Your reply should restate the lines from the top of the entries through the line containing "रेवाड़ी। बस स्टैंड" word for word, with no pictures.

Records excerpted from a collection
****************
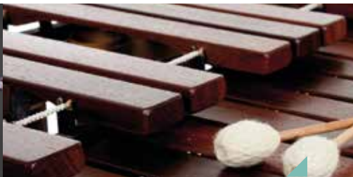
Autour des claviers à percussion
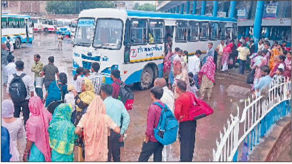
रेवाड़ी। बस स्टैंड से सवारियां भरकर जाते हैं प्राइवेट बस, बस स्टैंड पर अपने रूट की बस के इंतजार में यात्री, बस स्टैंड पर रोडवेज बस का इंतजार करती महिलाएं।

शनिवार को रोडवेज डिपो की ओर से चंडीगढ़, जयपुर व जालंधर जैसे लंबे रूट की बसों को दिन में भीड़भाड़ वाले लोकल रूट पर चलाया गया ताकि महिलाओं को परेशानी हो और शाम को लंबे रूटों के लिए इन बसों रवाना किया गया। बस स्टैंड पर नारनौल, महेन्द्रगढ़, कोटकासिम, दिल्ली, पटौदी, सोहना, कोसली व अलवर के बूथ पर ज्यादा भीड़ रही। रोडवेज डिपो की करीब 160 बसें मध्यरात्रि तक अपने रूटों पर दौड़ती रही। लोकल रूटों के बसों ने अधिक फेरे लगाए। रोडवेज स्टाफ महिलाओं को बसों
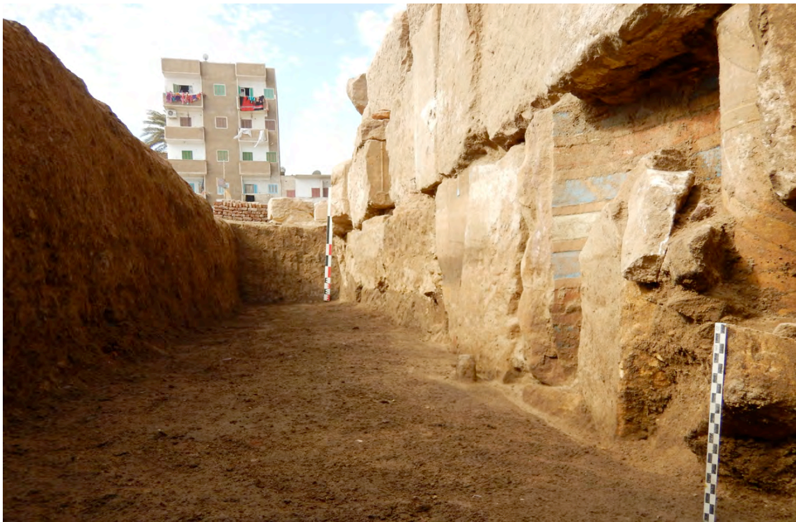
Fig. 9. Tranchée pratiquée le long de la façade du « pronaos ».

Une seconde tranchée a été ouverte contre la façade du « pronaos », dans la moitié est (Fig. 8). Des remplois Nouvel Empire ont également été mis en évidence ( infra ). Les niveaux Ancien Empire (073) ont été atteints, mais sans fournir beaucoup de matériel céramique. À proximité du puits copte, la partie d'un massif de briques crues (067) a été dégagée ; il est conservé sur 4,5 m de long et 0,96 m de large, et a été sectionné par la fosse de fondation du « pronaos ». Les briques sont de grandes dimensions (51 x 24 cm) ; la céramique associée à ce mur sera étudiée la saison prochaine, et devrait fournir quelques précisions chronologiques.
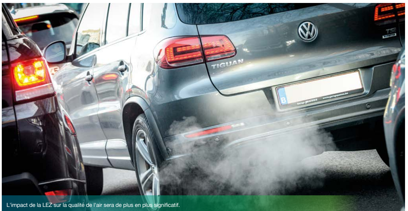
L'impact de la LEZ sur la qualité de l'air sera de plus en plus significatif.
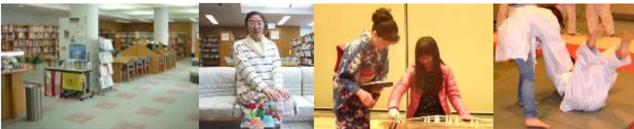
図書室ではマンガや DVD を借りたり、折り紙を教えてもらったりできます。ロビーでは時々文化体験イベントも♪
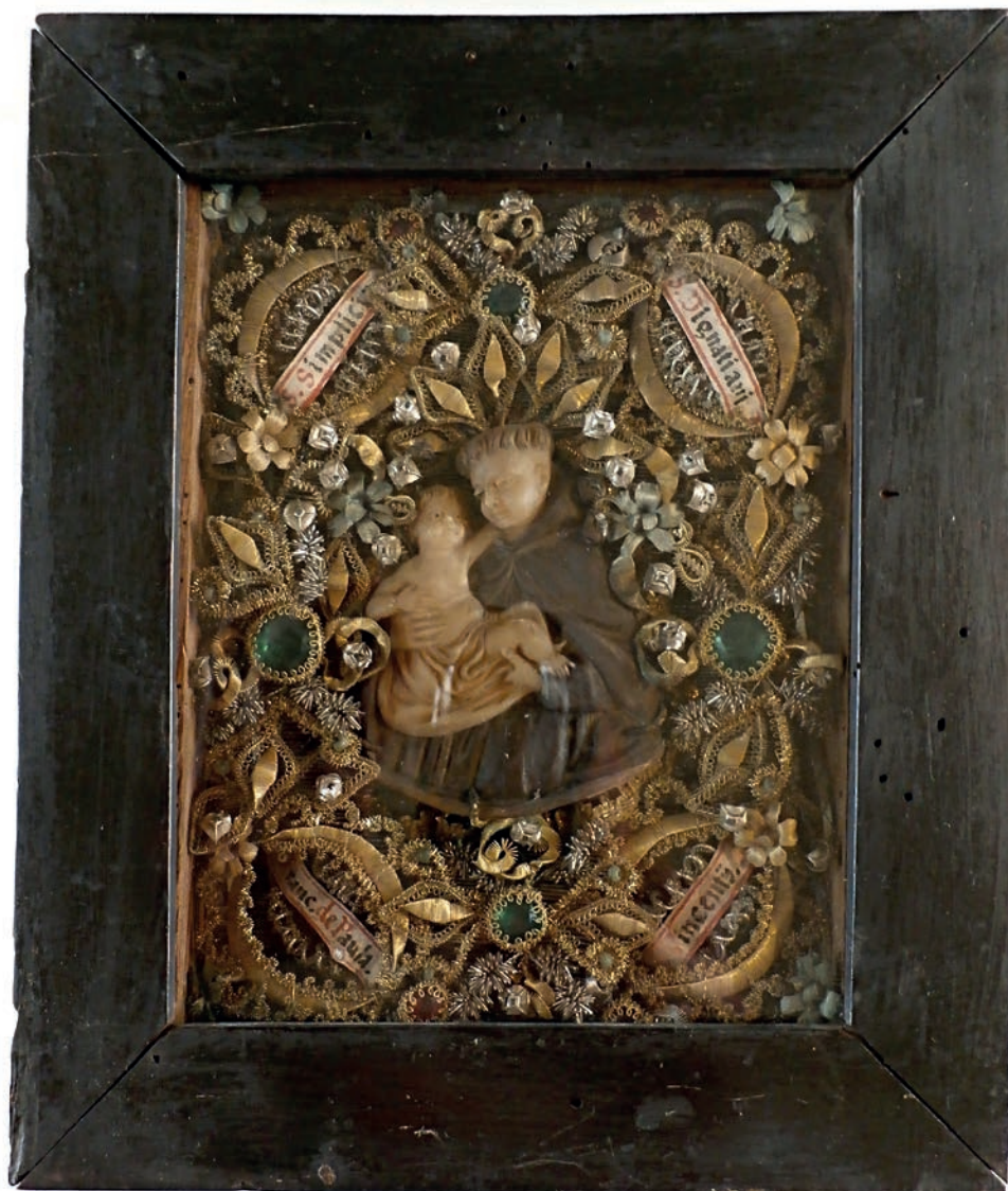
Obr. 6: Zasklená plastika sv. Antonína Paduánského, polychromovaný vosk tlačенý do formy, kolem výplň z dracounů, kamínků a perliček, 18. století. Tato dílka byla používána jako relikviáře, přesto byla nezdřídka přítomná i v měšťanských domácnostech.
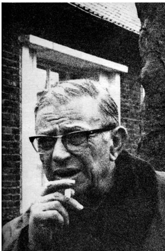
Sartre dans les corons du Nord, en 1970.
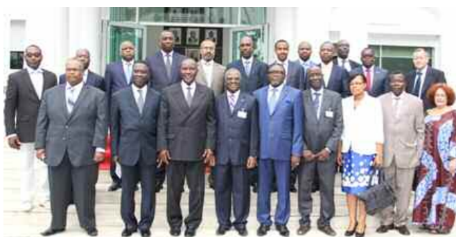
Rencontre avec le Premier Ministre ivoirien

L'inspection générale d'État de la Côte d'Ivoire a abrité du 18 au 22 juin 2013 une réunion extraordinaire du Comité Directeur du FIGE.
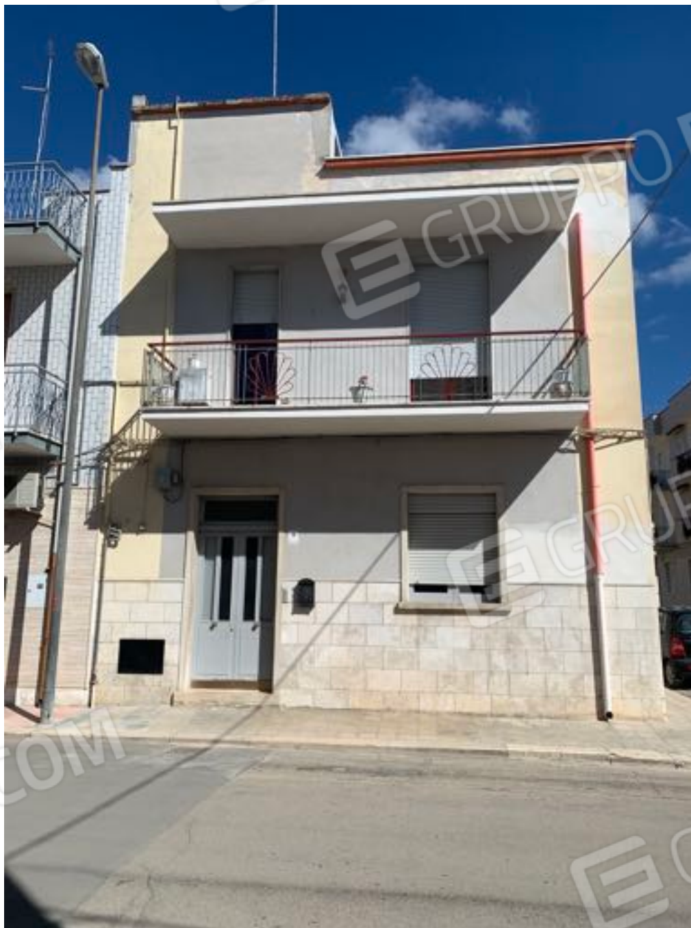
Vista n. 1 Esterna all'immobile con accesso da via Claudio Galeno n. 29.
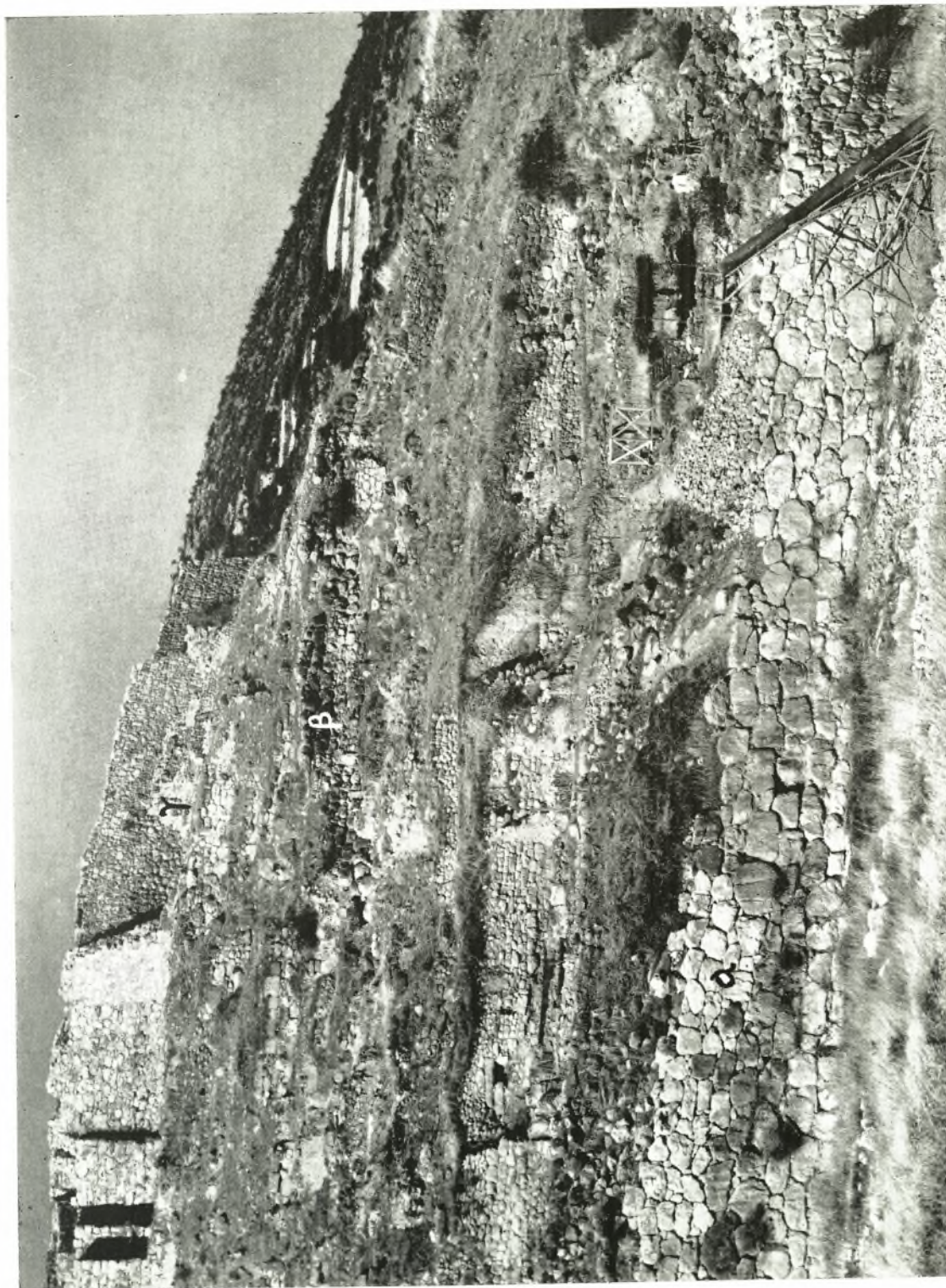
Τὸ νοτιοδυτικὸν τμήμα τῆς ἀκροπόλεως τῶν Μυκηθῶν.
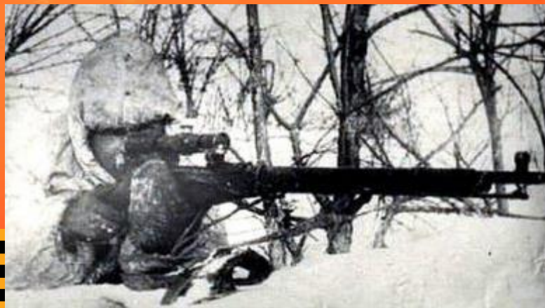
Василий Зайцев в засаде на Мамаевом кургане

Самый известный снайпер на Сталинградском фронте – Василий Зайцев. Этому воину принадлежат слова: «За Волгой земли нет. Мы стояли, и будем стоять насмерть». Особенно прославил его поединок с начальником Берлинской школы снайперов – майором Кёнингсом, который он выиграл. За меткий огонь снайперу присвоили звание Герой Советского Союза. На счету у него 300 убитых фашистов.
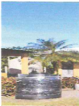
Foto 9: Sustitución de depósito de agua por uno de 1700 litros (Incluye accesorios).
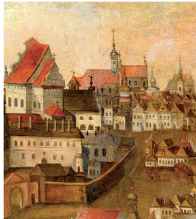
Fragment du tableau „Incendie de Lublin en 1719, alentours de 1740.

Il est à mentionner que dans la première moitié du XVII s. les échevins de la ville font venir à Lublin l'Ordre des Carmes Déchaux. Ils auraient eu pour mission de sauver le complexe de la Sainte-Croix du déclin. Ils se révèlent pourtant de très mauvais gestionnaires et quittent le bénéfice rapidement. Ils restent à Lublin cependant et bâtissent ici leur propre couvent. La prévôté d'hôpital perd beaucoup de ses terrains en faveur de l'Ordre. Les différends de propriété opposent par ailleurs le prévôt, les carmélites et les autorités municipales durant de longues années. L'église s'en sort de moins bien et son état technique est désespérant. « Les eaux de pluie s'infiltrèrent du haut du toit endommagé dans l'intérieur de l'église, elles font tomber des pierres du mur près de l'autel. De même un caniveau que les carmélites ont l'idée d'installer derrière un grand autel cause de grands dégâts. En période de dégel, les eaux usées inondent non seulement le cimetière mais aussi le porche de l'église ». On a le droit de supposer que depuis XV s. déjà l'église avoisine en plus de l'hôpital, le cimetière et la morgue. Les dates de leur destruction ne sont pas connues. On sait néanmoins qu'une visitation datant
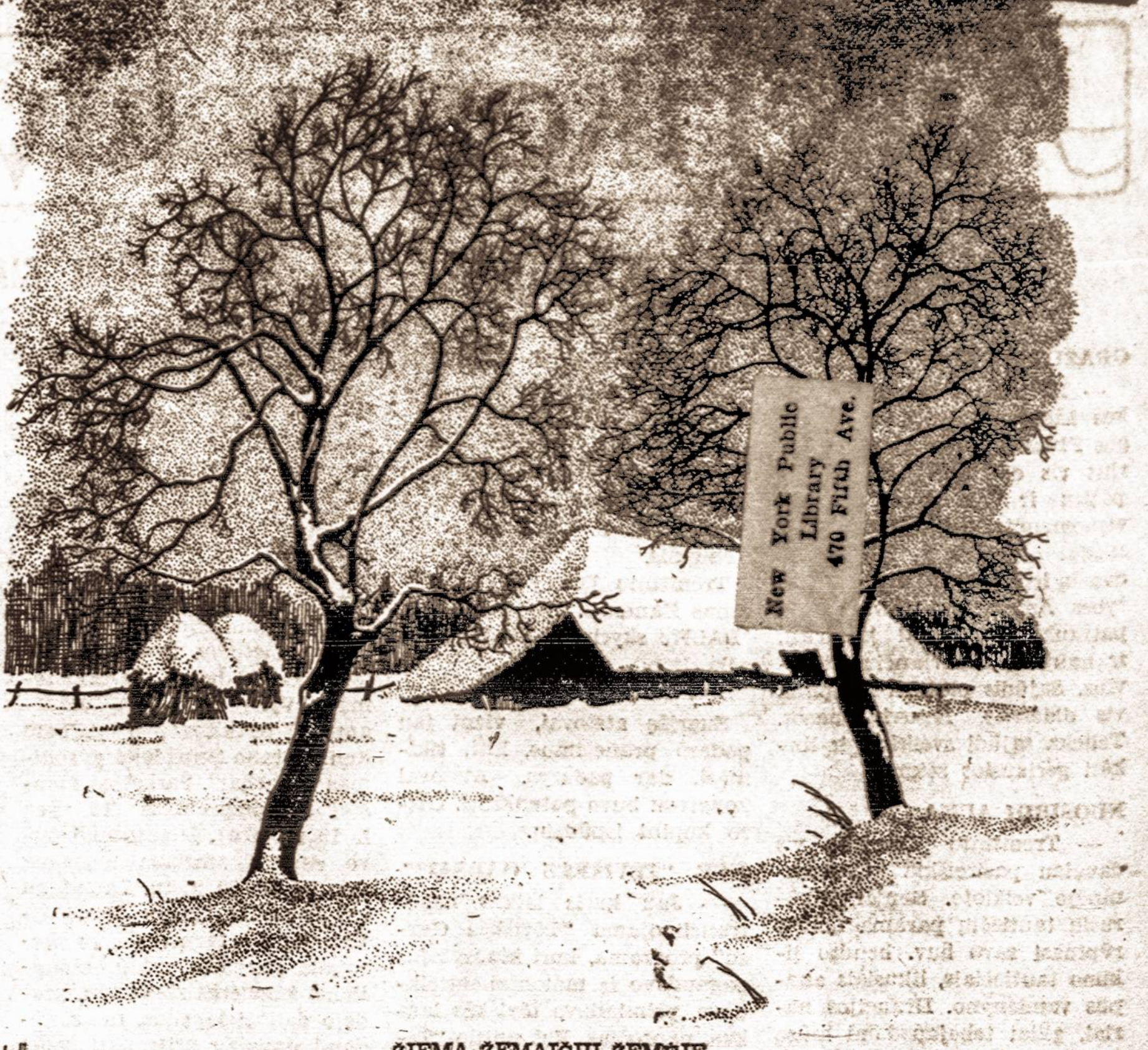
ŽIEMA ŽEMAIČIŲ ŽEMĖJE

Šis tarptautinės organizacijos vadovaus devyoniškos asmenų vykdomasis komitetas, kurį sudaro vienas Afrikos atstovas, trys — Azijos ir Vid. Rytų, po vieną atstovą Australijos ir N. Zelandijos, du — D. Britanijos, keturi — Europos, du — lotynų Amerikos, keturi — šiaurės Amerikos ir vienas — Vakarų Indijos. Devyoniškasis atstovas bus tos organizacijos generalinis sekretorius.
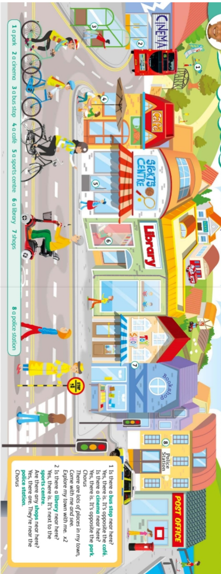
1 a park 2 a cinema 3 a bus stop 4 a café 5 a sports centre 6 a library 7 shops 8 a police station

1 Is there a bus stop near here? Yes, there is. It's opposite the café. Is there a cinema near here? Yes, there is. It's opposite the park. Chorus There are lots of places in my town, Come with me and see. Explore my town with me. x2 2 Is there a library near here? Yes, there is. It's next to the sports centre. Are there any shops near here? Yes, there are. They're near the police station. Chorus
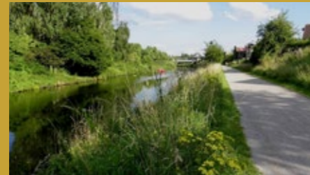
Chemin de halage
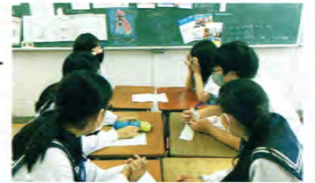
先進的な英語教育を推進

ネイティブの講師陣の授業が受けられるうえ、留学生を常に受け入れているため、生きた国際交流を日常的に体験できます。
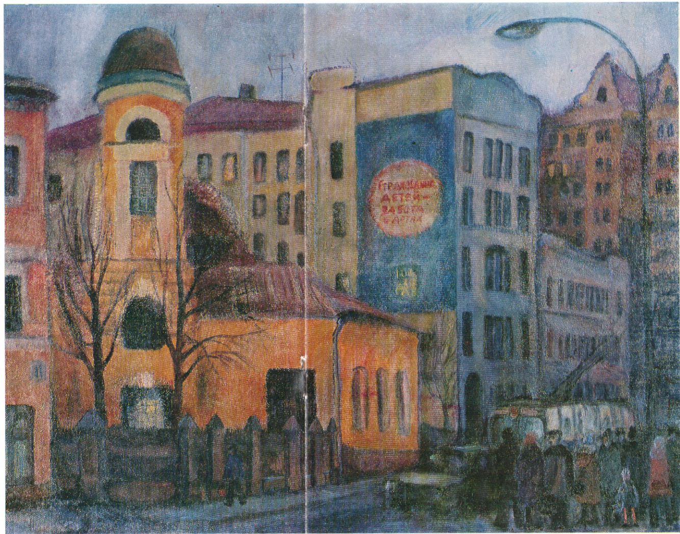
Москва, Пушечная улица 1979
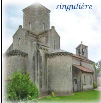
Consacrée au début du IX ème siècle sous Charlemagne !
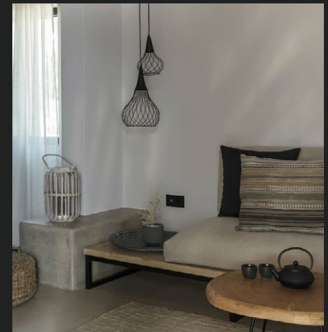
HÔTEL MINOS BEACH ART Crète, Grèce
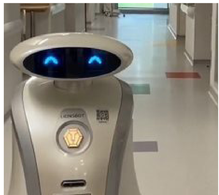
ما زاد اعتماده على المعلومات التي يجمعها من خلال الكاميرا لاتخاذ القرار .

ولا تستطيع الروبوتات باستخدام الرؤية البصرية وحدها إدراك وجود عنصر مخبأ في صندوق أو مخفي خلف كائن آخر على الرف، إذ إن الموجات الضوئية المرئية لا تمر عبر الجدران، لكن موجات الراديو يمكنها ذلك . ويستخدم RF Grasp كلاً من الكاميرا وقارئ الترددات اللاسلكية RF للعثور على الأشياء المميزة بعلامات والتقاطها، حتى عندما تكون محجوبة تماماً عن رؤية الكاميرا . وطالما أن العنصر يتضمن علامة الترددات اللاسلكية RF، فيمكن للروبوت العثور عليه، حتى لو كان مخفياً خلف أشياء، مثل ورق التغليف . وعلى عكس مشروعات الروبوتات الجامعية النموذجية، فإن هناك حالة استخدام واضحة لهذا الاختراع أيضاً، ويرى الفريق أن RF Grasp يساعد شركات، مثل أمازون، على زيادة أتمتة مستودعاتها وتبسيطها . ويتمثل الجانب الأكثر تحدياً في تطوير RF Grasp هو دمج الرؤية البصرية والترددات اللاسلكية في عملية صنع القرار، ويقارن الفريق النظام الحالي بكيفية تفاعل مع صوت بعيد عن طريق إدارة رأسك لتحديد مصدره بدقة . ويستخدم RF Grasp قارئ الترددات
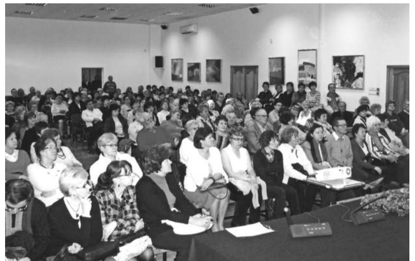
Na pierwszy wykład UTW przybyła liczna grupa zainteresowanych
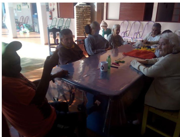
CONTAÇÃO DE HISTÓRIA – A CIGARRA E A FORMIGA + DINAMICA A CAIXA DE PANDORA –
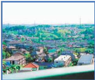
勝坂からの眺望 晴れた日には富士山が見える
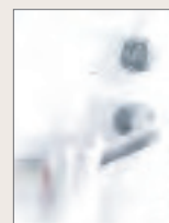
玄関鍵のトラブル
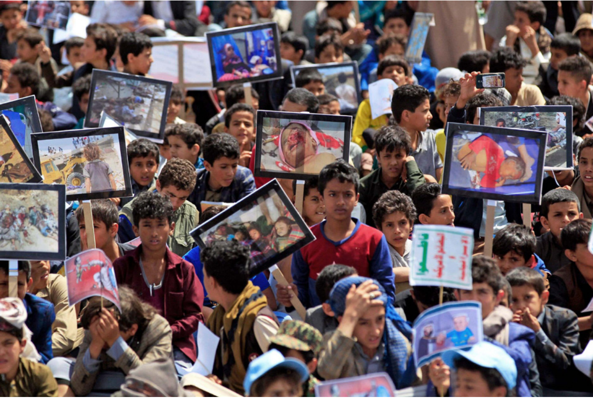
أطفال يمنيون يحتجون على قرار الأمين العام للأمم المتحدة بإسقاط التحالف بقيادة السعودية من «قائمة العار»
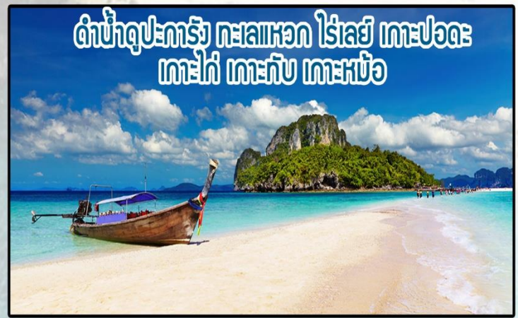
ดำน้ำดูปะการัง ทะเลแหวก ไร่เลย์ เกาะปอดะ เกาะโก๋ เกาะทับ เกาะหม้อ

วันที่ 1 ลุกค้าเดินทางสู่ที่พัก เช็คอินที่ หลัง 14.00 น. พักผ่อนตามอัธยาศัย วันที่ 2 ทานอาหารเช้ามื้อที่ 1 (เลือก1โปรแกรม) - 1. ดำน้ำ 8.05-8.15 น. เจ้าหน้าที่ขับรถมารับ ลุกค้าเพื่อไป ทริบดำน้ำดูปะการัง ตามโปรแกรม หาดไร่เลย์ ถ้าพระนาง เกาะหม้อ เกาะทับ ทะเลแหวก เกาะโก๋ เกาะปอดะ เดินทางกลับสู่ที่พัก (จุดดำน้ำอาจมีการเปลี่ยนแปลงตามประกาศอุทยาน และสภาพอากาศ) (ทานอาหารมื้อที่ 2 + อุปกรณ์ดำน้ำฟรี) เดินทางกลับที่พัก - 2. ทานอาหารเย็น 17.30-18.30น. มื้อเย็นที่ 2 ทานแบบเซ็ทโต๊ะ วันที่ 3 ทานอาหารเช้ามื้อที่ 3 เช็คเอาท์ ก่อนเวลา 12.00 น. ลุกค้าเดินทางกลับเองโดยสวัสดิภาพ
****************
## ANSWER SECTION
Autour des claviers à percussion
रेवाड़ी। बस स्टैंड से सवारियां भरकर जाते हैं प्राइवेट बस, बस स्टैंड पर अपने रूट की बस के इंतजार में यात्री, बस स्टैंड पर रोडवेज बस का इंतजार करती महिलाएं।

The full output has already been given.